= Task requirements =
Below is a listing. Quote from it, exactly, the lines from the one containing "- ES desfiles, personas" down to the one containing "半桥式开关电源的优点和缺点 TVS二极管特性及应用 LED电源防雷攻略:压敏电阻串联陶瓷气体放电管", both ends included, and nothing else.
Start of Data records
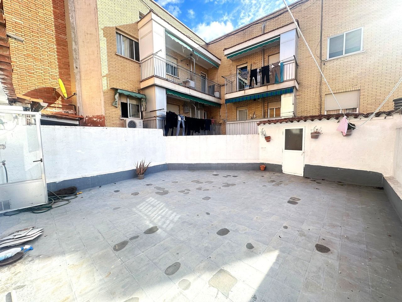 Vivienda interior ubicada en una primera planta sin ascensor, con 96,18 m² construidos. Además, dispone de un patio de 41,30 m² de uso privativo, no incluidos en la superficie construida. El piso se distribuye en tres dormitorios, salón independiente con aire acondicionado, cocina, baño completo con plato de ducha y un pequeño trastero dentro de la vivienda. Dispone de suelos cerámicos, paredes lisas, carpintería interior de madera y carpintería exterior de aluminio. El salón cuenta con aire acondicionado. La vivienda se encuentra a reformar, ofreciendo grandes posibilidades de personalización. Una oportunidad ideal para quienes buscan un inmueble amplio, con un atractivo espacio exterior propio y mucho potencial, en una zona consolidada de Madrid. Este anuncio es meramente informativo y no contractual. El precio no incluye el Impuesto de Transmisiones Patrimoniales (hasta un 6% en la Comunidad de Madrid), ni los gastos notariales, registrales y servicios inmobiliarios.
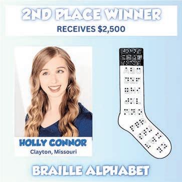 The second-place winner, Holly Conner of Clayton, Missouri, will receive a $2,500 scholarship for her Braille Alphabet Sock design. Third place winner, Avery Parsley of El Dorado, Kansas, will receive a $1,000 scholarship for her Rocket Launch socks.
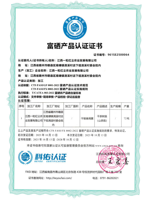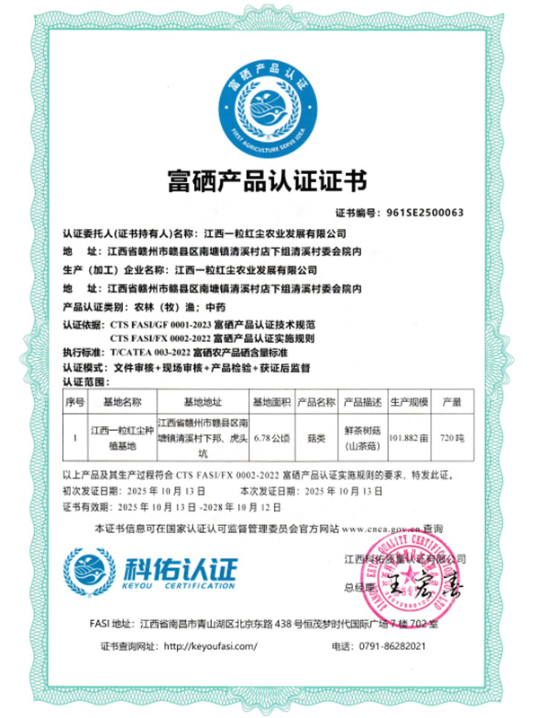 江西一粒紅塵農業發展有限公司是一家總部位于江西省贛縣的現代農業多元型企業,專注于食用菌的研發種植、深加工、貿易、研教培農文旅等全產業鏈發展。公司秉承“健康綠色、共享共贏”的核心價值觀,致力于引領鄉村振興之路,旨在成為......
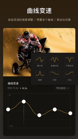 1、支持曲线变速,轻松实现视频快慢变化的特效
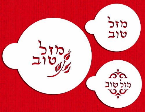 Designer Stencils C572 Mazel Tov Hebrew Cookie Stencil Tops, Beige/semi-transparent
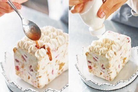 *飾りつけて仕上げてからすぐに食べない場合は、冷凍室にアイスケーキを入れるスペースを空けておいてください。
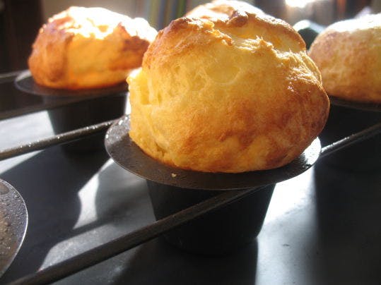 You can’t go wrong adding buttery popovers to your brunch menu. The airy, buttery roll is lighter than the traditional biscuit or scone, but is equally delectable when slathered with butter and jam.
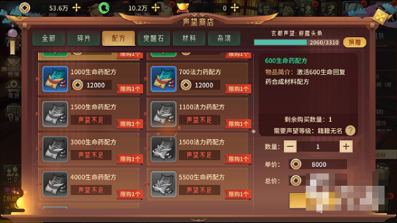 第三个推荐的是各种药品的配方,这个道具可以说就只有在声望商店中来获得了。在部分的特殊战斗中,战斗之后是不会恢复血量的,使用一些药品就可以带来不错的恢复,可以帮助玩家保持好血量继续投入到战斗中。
End of Data records
Start of Data records
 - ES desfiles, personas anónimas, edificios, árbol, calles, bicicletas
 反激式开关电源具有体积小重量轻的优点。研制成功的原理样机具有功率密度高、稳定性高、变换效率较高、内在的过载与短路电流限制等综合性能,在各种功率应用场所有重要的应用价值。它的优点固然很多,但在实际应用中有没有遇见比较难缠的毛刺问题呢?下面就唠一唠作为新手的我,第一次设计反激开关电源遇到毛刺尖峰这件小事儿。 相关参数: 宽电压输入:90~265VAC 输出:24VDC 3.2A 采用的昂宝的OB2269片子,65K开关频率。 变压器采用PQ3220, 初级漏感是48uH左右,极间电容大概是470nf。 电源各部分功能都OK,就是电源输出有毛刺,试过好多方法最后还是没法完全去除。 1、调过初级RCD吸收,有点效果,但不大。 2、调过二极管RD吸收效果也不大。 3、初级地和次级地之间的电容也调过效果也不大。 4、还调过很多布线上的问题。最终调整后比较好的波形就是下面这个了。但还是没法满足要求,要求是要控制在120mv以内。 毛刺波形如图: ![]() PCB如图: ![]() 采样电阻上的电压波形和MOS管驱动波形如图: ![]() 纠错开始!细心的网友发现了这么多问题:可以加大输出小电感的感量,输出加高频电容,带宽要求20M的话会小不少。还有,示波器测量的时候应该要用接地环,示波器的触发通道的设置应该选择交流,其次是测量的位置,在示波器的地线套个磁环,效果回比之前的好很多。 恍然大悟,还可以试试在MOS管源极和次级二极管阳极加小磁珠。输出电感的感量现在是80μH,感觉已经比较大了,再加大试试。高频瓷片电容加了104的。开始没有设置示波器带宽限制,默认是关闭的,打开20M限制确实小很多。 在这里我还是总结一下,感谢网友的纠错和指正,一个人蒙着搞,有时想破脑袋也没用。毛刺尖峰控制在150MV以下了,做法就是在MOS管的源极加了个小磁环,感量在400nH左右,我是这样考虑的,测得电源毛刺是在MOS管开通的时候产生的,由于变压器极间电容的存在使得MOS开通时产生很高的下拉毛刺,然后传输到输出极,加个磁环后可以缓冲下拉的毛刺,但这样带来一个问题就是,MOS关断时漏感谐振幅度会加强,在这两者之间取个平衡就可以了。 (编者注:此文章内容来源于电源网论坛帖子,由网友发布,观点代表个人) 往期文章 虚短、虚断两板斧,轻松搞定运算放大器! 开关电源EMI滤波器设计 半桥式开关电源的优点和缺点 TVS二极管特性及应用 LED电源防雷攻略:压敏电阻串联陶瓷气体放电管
End of Data records
= Exercise result =
 - ES desfiles, personas anónimas, edificios, árbol, calles, bicicletas
 反激式开关电源具有体积小重量轻的优点。研制成功的原理样机具有功率密度高、稳定性高、变换效率较高、内在的过载与短路电流限制等综合性能,在各种功率应用场所有重要的应用价值。它的优点固然很多,但在实际应用中有没有遇见比较难缠的毛刺问题呢?下面就唠一唠作为新手的我,第一次设计反激开关电源遇到毛刺尖峰这件小事儿。 相关参数: 宽电压输入:90~265VAC 输出:24VDC 3.2A 采用的昂宝的OB2269片子,65K开关频率。 变压器采用PQ3220, 初级漏感是48uH左右,极间电容大概是470nf。 电源各部分功能都OK,就是电源输出有毛刺,试过好多方法最后还是没法完全去除。 1、调过初级RCD吸收,有点效果,但不大。 2、调过二极管RD吸收效果也不大。 3、初级地和次级地之间的电容也调过效果也不大。 4、还调过很多布线上的问题。最终调整后比较好的波形就是下面这个了。但还是没法满足要求,要求是要控制在120mv以内。 毛刺波形如图: ![]() PCB如图: ![]() 采样电阻上的电压波形和MOS管驱动波形如图: ![]() 纠错开始!细心的网友发现了这么多问题:可以加大输出小电感的感量,输出加高频电容,带宽要求20M的话会小不少。还有,示波器测量的时候应该要用接地环,示波器的触发通道的设置应该选择交流,其次是测量的位置,在示波器的地线套个磁环,效果回比之前的好很多。 恍然大悟,还可以试试在MOS管源极和次级二极管阳极加小磁珠。输出电感的感量现在是80μH,感觉已经比较大了,再加大试试。高频瓷片电容加了104的。开始没有设置示波器带宽限制,默认是关闭的,打开20M限制确实小很多。 在这里我还是总结一下,感谢网友的纠错和指正,一个人蒙着搞,有时想破脑袋也没用。毛刺尖峰控制在150MV以下了,做法就是在MOS管的源极加了个小磁环,感量在400nH左右,我是这样考虑的,测得电源毛刺是在MOS管开通的时候产生的,由于变压器极间电容的存在使得MOS开通时产生很高的下拉毛刺,然后传输到输出极,加个磁环后可以缓冲下拉的毛刺,但这样带来一个问题就是,MOS关断时漏感谐振幅度会加强,在这两者之间取个平衡就可以了。 (编者注:此文章内容来源于电源网论坛帖子,由网友发布,观点代表个人) 往期文章 虚短、虚断两板斧,轻松搞定运算放大器! 开关电源EMI滤波器设计 半桥式开关电源的优点和缺点 TVS二极管特性及应用 LED电源防雷攻略:压敏电阻串联陶瓷气体放电管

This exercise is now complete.